Opinion: Vendors must disclose responsible uses of biometric data

How should biometric vendors treat the biometric data they collect? John E. Bredehoft looks at the organizations that control and process biometric data, the rights that people have over their data, and key issues that biometric vendors must address regarding responsible data use.

Every day people provide biometric data — fingerprints, palm prints, faces, irises, voices, DNA, or other biometric modalities — to a myriad of organizations. These may be government agencies such as border crossing agencies, driver licensing agencies, or police departments. Or they may be private organizations such as banks, hospitals, and sports stadiums.

Biometric providers assist these organizations with collection, matching, and storage of biometric data.

Usually, the government agency or private organization acts as the “controller” or owner of the biometric data, while the biometric vendor is just the “processor” of the data.

But there are exceptions. In late April, Joel R. McConvey described a proposal in which the Milwaukee, Wisconsin Police Department would provide Biometrica with 2.5 million facial images from its jail records.

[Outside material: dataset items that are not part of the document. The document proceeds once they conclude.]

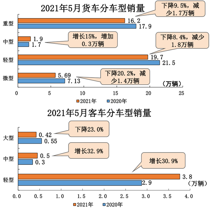 1-5月,商用車產(chǎn)銷分別完成234.1萬輛和243.8萬輛,同比分別增長27.8%和31.9%,增幅比1-4月別回落19.2和15.4個百分點(diǎn)。與2019年同期相比,商用車產(chǎn)銷同比增長26%和30.6%,其中產(chǎn)量增幅比1-4月回落1.8個百分點(diǎn),銷量增幅比1-4月擴(kuò)大1.5個百分點(diǎn)。
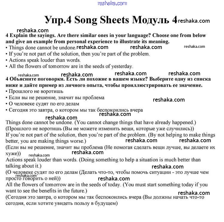 Представляем вам сборники по Английскому языку, с готовыми ответами к Учебнику Афанасьева школьной программы для учеников десятый класса. Это не просто гдз с ответом, а с подсказками, как верно решить Module 4 Song Sheets 4. Проверяй домашку с умом и получай высший балл!
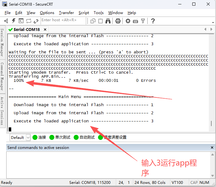 发送完成后输入3运行app程序
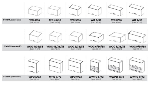 - szafka wisząca o szerokości 80 cm, wysokości 36 cm, głębokości 58 cm - 2 szt
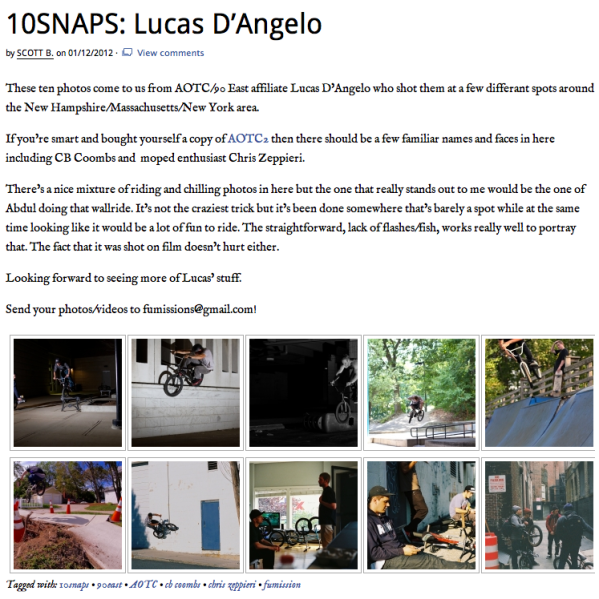 I was lucky enough to get asked to do this week’s 10snaps for BMXFU. These photos were either shot on my Canon 7D, Nikon F3, or Yashica Electro35. My favorite is definitely the one of Abdul doing a wallride. I need to shoot more film…
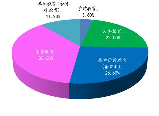 学前教育占比为3.6%;义务教育占比为22.0%;高中阶段教育(含职教)占比为26.6%;高等教育占比为36.6%;其他教育(含特殊教育)占比为11.2%。

Why would any biometric vendor want to be the controller of biometric data? One plausible reason is for internal testing to improve the vendor’s algorithms by continuously testing them against live data. There may be other reasons, such as offering new services.

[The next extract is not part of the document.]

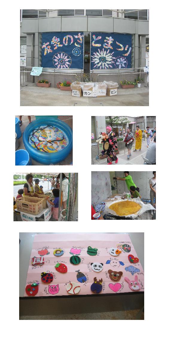 今日は私が時々ボランティアにいっている友愛のさとまつりでした。ここは発達支援センターで、病気を持つ子供達に対して、様々なサポートをする施設です。私はここで使われる道具や遊具の制作や修理のお手伝いをしているので、実際の利用者さんに触れ合えるのは今日だけ。とても貴重な経験でした。今日、失敗したなあと思ったのは、開場前に様子を見に来た子に「いいのは早い順になくなるよ」と言ったら、その子はこの場所から離れられなくなってしまって。他の所に行かなければならないご両親が一生懸命説得していて、申し訳ない思いでいっぱいでした。まあ、色々と失敗はあったものの、天候が悪かった割りにはお客さんも盛況だったようです。出し物もいろいろあって、うなぎすくい、すいか割、ぐりぐらのホットケーキなどのほか、ちんどんやさんや、ブラスバンドの演奏、お芝居や講演会など、盛りだくさんでした。私はフェルトで作るワッペンのコーナーを担当したんですが、お客さんが途切れずに来てくれて、あまり他の出店を見て回れなかったのが残念でした。お客さんがうれしそうにしている姿は、スタッフとしても楽しいものでした。また来年もお手伝いできるといいな。
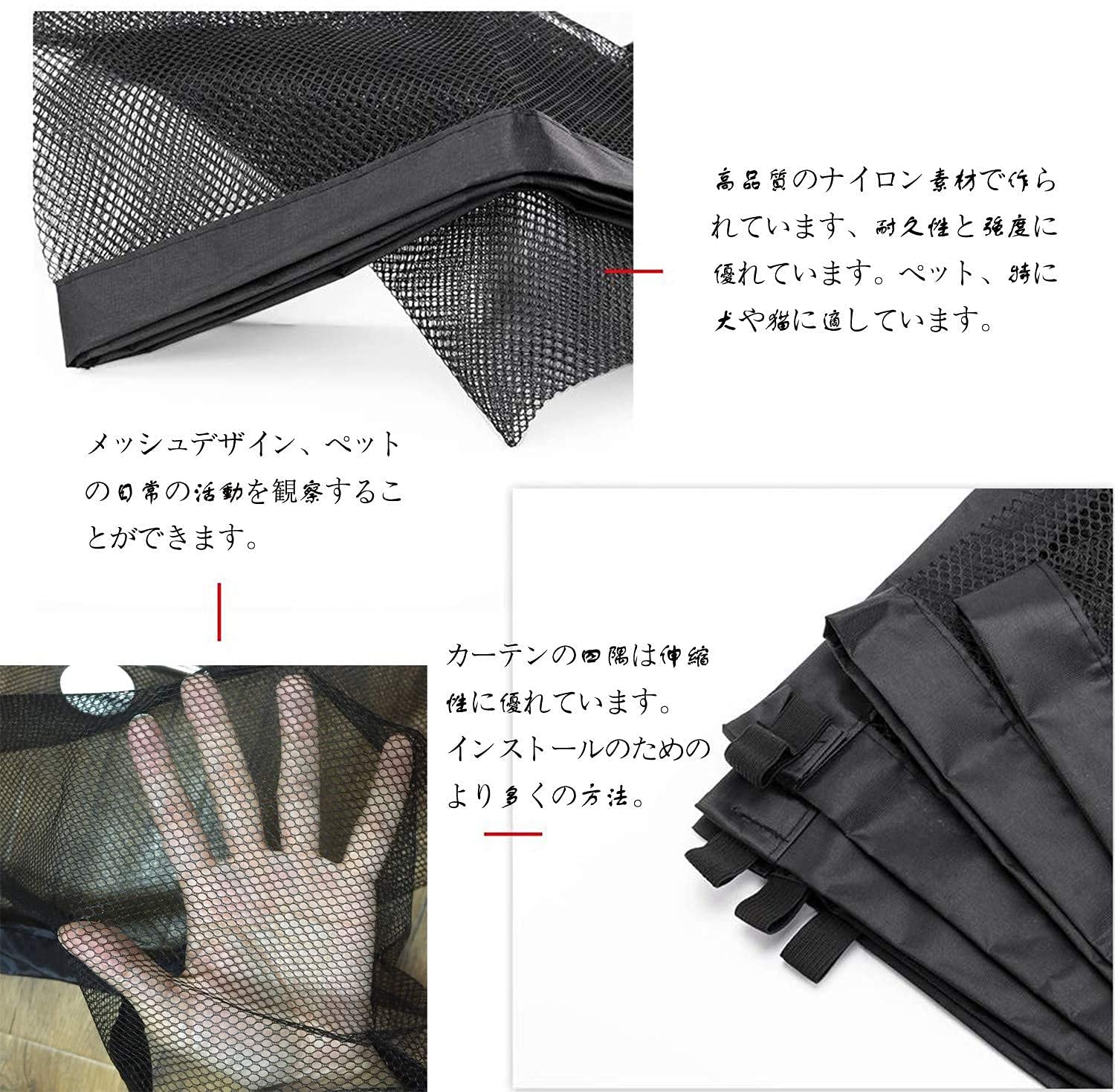 【取り付けが簡単】金属製のバリアとは異なり、フックや調整可能なストリップが付いたペットメッシュバリアは、工具を必要とせずに簡単に組み立てることができます。ドアの上のハンドルまたは前部座席のヘッドレストに取り付けることができます。折りたたんできれいにするのも簡単です。

Concerns about acquiring biometric data

Of course, any use of biometric data or other personal data raises privacy concerns.

• Why is the entity collecting the data?
• How will they use the data?
• What will they do with the data?
• Who will have access to the data?

Authorities, ranging in size from the European Union to local cities, have implemented regulations regarding the use of biometric data. These not only define the roles of a controller and processor but also grant rights to people when organizations collect their personal information, including biometric information.

For example, in the state of California, biometric information is classified as “sensitive personal information” under the provisions of the California Consumer Privacy Act (CCPA) and the California Privacy Rights Act (CPRA).

The CCPA, CPRA, and similar legislation such as Europe’s General Data Protection Regulation (GDPR) provide people with rights over their personal data, including:

• The right to know, including what personal information a business collects, how the business uses the information, and if and how the business shares the information.
• The right to delete (in some instances) personal information from a business’ databases.
• The right to opt-out of the sharing or selling of personal information by a business.

A key part of these laws and regulations is the idea of consent.

• Every organization verifying your identity, such as a bank, should ask for your explicit consent to use the personal information for the purposes of identity verification and authentication.
• An optional second question may ask for your explicit consent to allow the biometric vendor to use your personal information for algorithmic training purposes.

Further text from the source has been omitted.